Neuralink, the biotechnology start-up trying to implant chips in the human brain under the watchful eye of entrepreneur Elon Musk, announced Tuesday that it will begin recruiting for its first human clinical trial. .CNNThis coincided with a publication by the “Wired” website, which claimed that the American billionaire had “misled” his followers about killing monkeys during clinical trials of the same chip.
After receiving approval from an independent review board, the company said Neuralink has decided to begin offering operations to implant its chips into the brains of stroke victims as part of the “PRIME” study, which stands for “PRIME.” Brain-Computer Interface, which means: “A precise, robotically implanted brain-computer interface.
The tests seek to evaluate the safety and functionality of the implanted chip.
Participating patients are expected to have a chip surgically implanted in the part of the brain that controls movement commands. The chip, installed by the robot, will then record and transmit brain signals to an app on a smart device, which seeks to “give people the ability to control a computer cursor or keyboard using only their thoughts.” Written by the company.
People with quadriplegia due to cervical spinal cord injury or amyotrophic lateral sclerosis (ALS) may be eligible for the study, which will last six years, including 18 months of home and clinic visits and five years of follow-up visits. Interested candidates can register. In the patient registry on the Neuralink website. .
Musk has spent the past five years working toward Neuralink’s goal of using chips to connect human brains to computers, but the company has so far only tested them on animals. The company faced scrutiny in 2022 after a monkey died while testing the program as part of an effort to get animals to play video games with their thoughts, according to the network.
Allegations of ‘dead monkeys’
An investigation conducted by the website revealedWiredA technology expert said on Wednesday that Musk had said none of the primate species used in the chip tests had died, and the investigation has called for US officials to investigate Musk’s claims.
The website indicated that there were “new allegations of possible security fraud” related to Musk’s statements following the deaths of monkeys participating in experiments for the company “Neuralink”.
That said the site Several letters sent by the Medical Ethics Committee The US Securities and Exchange Commission’s (SEC) “Physicians’ Panel for Responsible Medicine” called on the agency to investigate Musk’s allegations that macaques died during experiments because they suffered fatal diseases, not brain damage. pieces.

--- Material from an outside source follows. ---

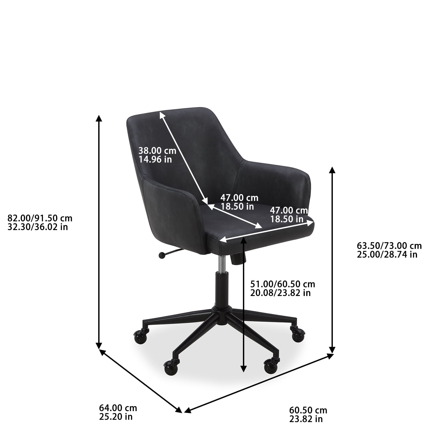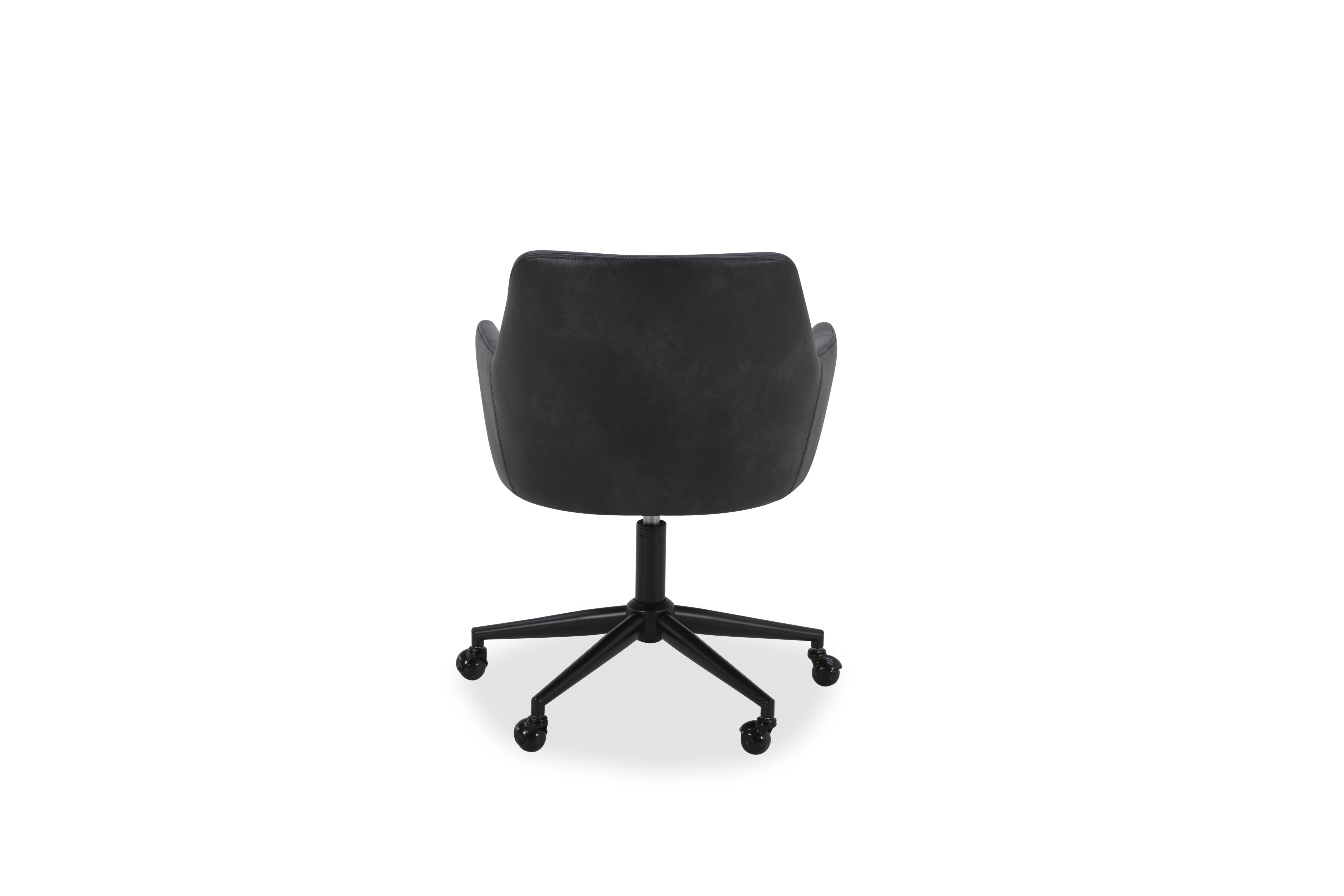 The Better Homes & Gardens Greyson Office Chair, Black, is a sleek and stylish choice for any home office or workspace. With its rounded arms and matching stitching, this chair exudes a modern, professional, functional, and aesthetically pleasing look. Upholstered in luxurious faux black leather, the Greyson Office Chair adds a touch of sophistication to any office environment. Equipped with a convenient swivel caster base and gas lift mechanism, this chair offers optimal mobility and adjustability. Whether you need to move around your workspace or adjust the height for maximum comfort, the Greyson Office Chair provides the flexibility you need to stay productive throughout the day. The high-density foam cushions and webbed seat suspension ensure a comfortable seating experience, allowing you to focus on your work without sacrificing comfort. The solid and engineered wood construction offers durability and stability, making this chair a reliable choice for long-term use. While the Greyson Office Chair boasts a sturdy build, it requires simple assembly, allowing for easy setup and quick integration into your workspace. The Better Homes & Gardens Greyson Office Chair combines comfort, style, and functionality, making it a practical and elegant addition to any home office or professional setting.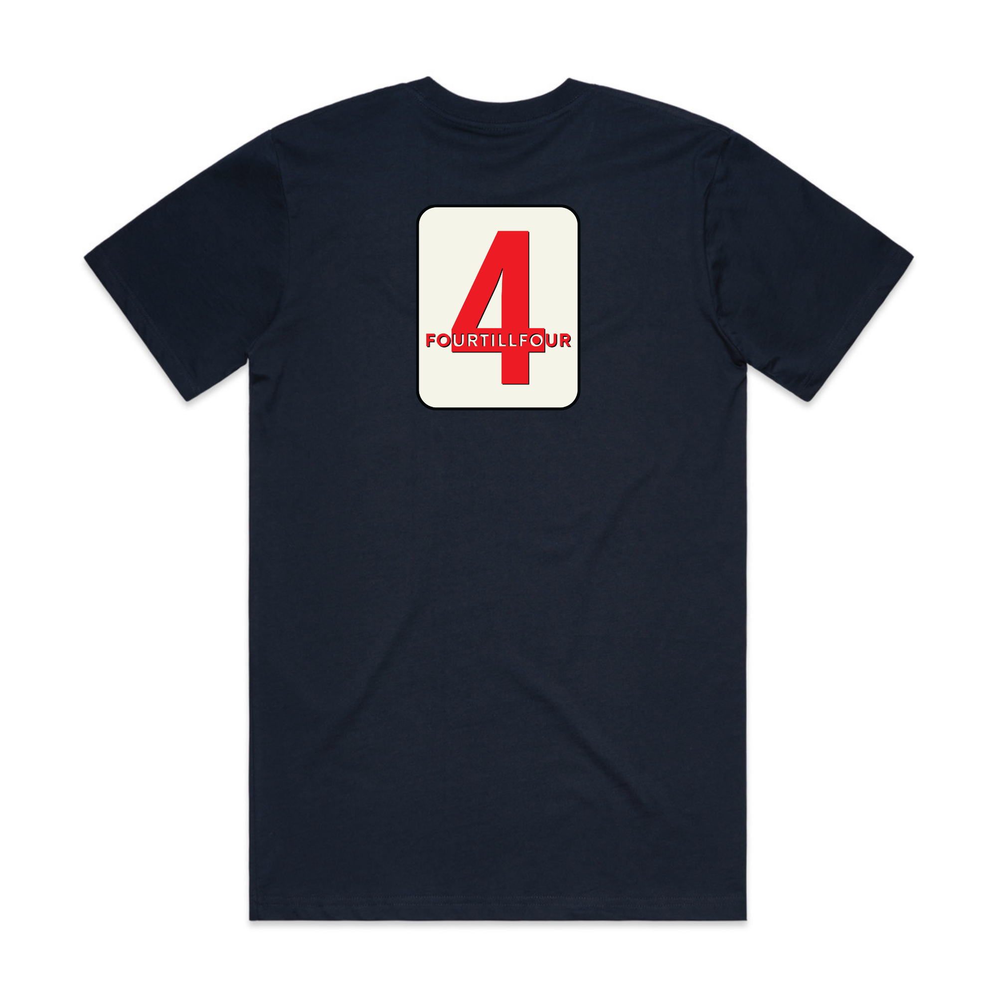 The FTF Badge T-Shirt, available in Navy and Coal with a multi-color print.

However, veterinarian records show that the monkeys died from complications following the implantation of the brain chips, the website said, citing letters sent to the committee’s authority.
Kasthuri confirmed that the monkeys had died… Tweet through his VX accountOn September 10th, he owned, in a reply to a user, where he denied that the dead animals were caused by a “Neuralink chip” and said researchers were “interested in using animals on the brink.” Death.”
At the same time, in a presentation to his company last year, Musk confirmed that Neuralink’s experiments on animals were never for “research” reasons, but rather to ensure that unified scientific principles were proven. “We are very careful.”
But public records it reviewed, as well as interviews with a former NeuraLink employee and a researcher who now works at the Primate Species Center at the University of California, Davis, “paint a completely different picture” of what’s going on in NeuraLink’s animal experiments, Wired noted. .
It noted that the public documents include veterinary records, made public for the first time last year, that “contain gruesome images of the suffering of up to 12 animals of Neuraling’s flagship species, all of whom had to be euthanized.”
Wired noted that the records “could form the basis of a possible SEC investigation into Musk’s comments about NeuraLink,” which has faced multiple federal investigations as the company moves toward its goal of introducing the first commercially available brain-computer interface for humans.
The U.S. authority declined Wired’s request for comment regarding the group’s ethics messages, and Neuralink did not respond to Wired’s questions about Musk’s comments or the group’s allegations.